The engine can now be manufactured more efficiently, according to Skyrora. Compared to the original model – Skyprint 1 – the 70kN engine can be developed 66% faster at a 20% cost reduction. It has been manufactured with an improved cooling chamber to increase cooling process efficiency and extend the engine’s life.

Skyrora 70kn engine tests underway

The tests will involve the engine running for 250 seconds, reflecting the same time during a real mission to get to orbit. According to the company, the test will evaluate the engine’s life cycle and full operational envelope.

“A successful test will be indicated by nominal chamber pressures and thrust levels with no damage to the hardware,” Skyrora explains.

Following the tests, the engine will become the first commercial engine to have used a closed-cycle staged combustion system run on a Hydrogen Peroxide and Kerosene bipropellant, which is slated to increase the efficiency of the rocket.

After qualification, Skyrora hopes to scale up the production of the technology and build a series of engines to test the full first stage of the Skyrora XL – the last stage to be tested ahead of the demo orbital launch. The third and second stages were tested in 2020 and 2022.
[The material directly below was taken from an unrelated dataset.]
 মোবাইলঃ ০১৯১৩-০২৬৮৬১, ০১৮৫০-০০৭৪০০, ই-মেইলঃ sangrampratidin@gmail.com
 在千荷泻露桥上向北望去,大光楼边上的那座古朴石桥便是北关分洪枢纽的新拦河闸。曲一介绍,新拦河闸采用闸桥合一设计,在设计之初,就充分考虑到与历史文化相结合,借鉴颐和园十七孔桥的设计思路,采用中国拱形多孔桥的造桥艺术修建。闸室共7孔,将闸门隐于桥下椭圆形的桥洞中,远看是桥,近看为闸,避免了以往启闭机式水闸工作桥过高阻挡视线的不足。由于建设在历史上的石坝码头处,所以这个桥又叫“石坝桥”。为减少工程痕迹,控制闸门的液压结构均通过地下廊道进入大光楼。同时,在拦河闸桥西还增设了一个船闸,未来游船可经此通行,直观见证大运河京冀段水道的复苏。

Skyrora XL will be able to place up to 315 kilograms into Sun-Synchronous Orbit (SSO) between a range of 500 kilometers and 1,000 kilometers in altitude. The rocket will also be able to place satellites in Polar Orbit between 200 kilometers and 1,000 kilometers in altitude.

Getting ready to launch

Skyrora is one of the main contenders who could complete the first vertical orbital launch from the UK and hopes to be the leading launch provider for small satellite companies once it receives its launch license from the UK Civil Aviation Authority (CAA).

In July 2022, the company opened the UK’s largest rocket engine manufacturing facility in Cumbernauld, which contain the full Skylark L launch complex – a single-stage suborbital launch vehicle – and in the future, the Skyrora XL launch facilities.
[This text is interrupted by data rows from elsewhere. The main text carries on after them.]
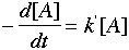 ここで k は速度定数とよばれる.この微分方程式を解けば,2 次反応の速度式が得られる.反応速度は単位時間当たりに起こった反応の数である.単位時間はSI単位を使えば,秒であり,反応の数はモル濃度で表す. ここで仮定を加える.A の濃度に比べて B の濃度が十分高く,反応の期間において減少する B の濃度が無視できる場合には,取り扱いを簡単にすることができる.反応速度の式は, k [B] を新たな定数として k 'とすると,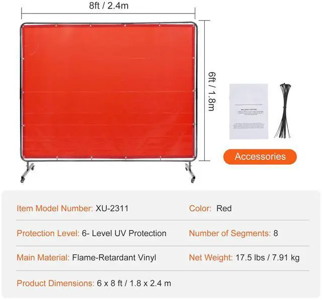Protection Level: 6- Level UV Protection,Number of Segments: 8,Color: Red,Item Model Number: XU-2311,Product Dimensions: 6 x 8 ft,Net Weight: 17.5 lbs / 7.91 kg,Main Material: Flame-Retardant Vinyl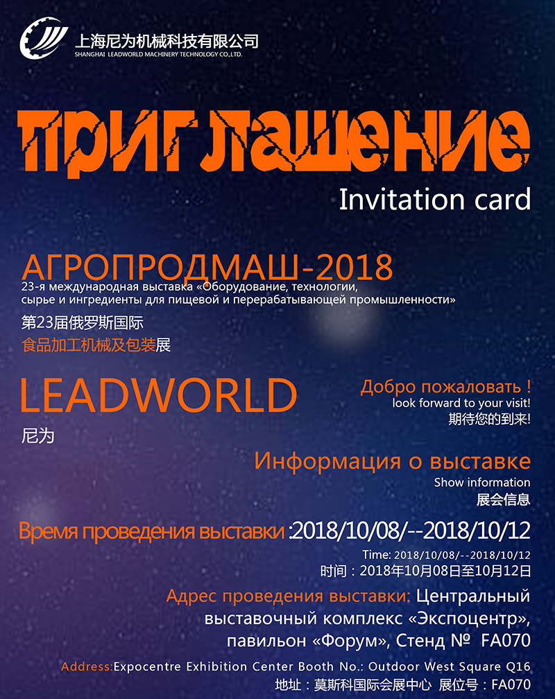 上海尼為機械科技有限公司誠意邀請您參觀將于2018年第23屆俄羅斯國際食品加工機械及包裝展-AGROPRODMASH
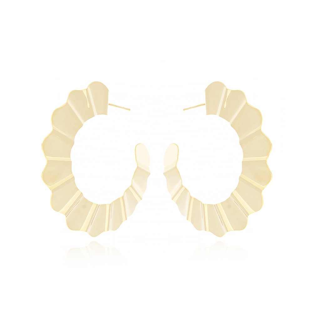 Encante-se com esse brinco!Este lindo brinco MEIA ARGOLA DETALHADA é feito com LATÃO BANHADO A OURO 18K de alta qualidade.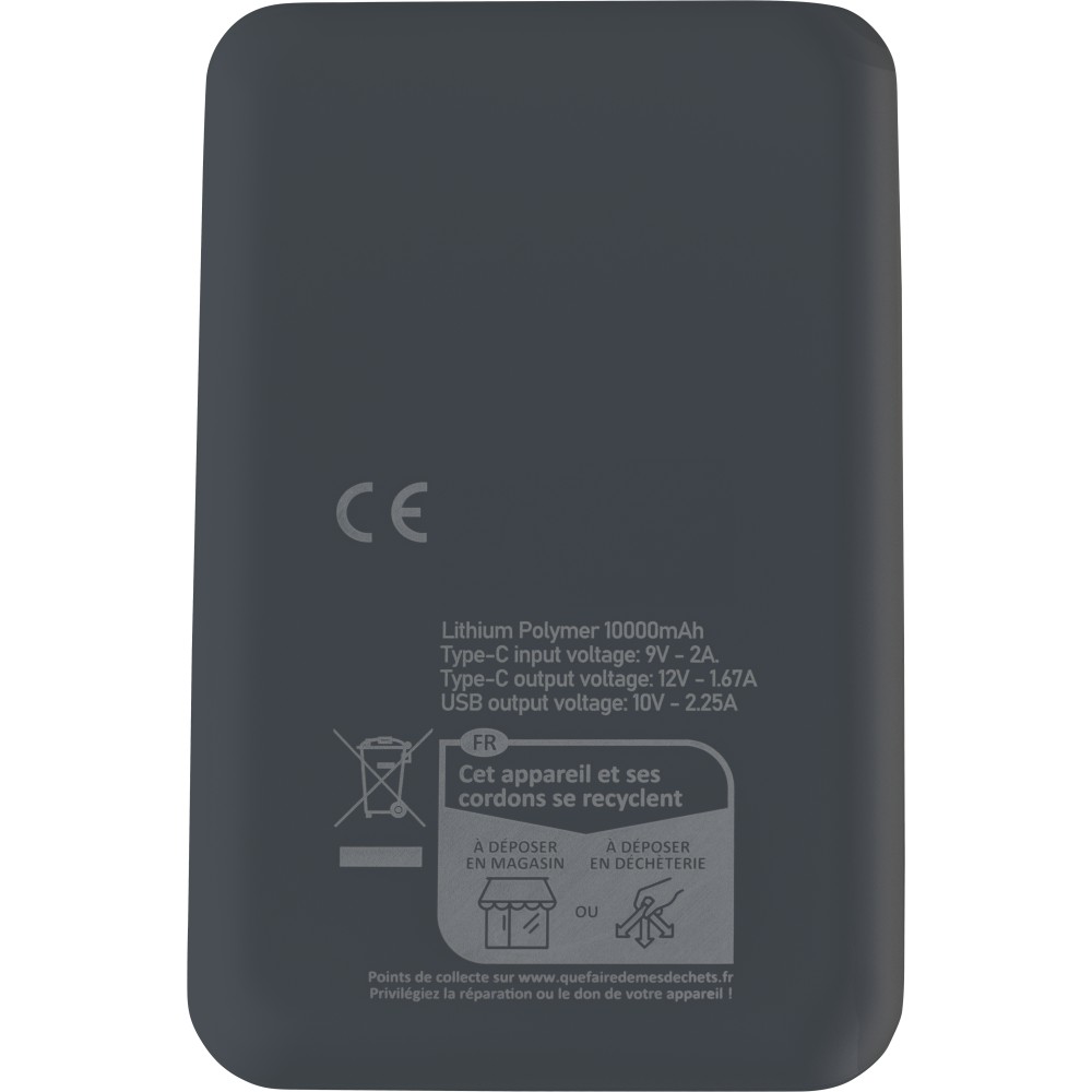 Újrahasznosított ABS anyagból készült powerbank 10 000 mAh kapacitással és 22,5 W gyors töltési teljesítménnyel. Type-C in/out és Type-A bemenettel, digitális kijelzővel, sima és texturált felülettel. Biztonsági védelmekkel ellátva. A hátoldalon gravírozott recycled (újrahasznosított) alapanyagra utaló logó található. Selyempapírral bélelt barna dobozba csomagolva. Emblémázás: UV nyomtatás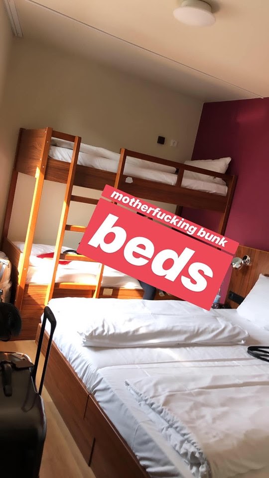 Here are a couple photos of this hotel room. Super small! I got bottom bunk! Our suitcases pretty much took up all the rest of the space.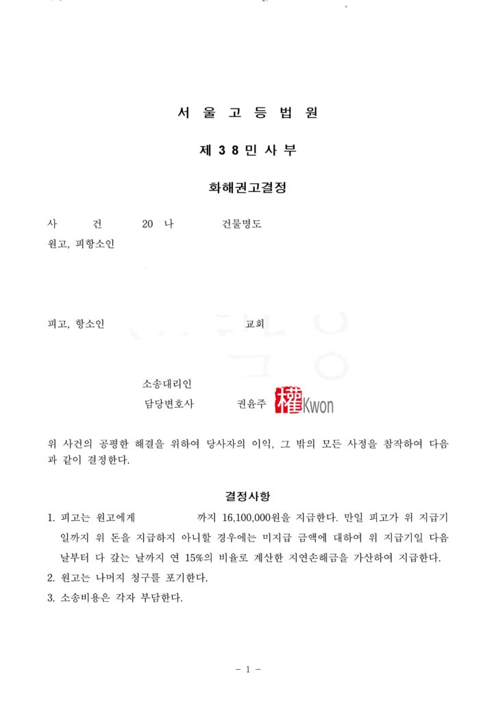 의뢰인은 건물을 점유하고 있는 교회로서 해당 건물을 경매로 낙찰받은 소유자로부터 명도소송을 당하였습니다.

Then in October, the company failed to reach suborbital space with its Skylark L sounding rocket. The vehicle left the launch pad from a site in Langanes, Iceland, but then splashed in the Norwegian Sea about 500 meters away from the launch site.

The latest tests mark a massive step towards launching under its contract with the European Space Agency’s (ESA) Commercial Space Transportation Services and Support Programme, which was signed in March 2021.